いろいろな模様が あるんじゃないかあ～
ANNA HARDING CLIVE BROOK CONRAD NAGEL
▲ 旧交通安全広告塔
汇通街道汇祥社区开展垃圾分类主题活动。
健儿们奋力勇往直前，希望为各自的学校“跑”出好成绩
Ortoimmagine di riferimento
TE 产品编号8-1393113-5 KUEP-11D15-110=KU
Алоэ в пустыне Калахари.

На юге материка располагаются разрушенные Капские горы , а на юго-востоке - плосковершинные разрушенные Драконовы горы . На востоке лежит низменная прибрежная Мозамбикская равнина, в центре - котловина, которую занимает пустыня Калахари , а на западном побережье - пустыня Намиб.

....

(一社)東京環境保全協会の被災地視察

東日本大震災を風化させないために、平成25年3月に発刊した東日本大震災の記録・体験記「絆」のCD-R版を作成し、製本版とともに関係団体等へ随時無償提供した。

....

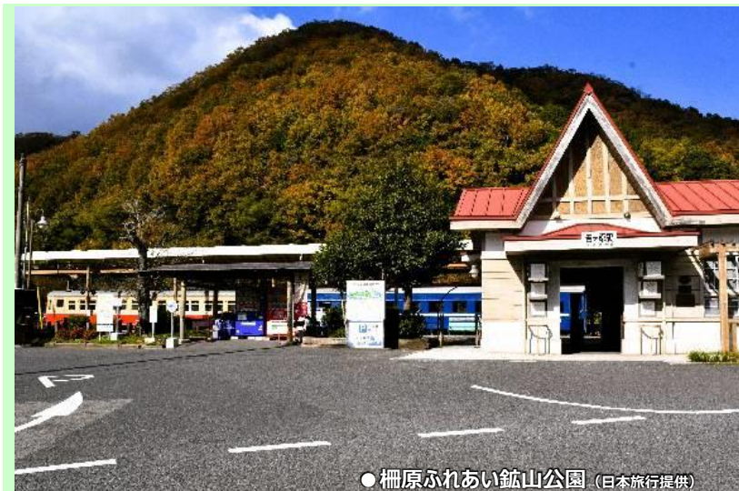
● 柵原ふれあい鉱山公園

....

### Problem
If a line in the data above holds the string "Калахари", report that line.

### Answer to this exercise
Алоэ в пустыне Калахари.
На юге материка располагаются разрушенные Капские горы , а на юго-востоке - плосковершинные разрушенные Драконовы горы . На востоке лежит низменная прибрежная Мозамбикская равнина, в центре - котловина, которую занимает пустыня Калахари , а на западном побережье - пустыня Намиб.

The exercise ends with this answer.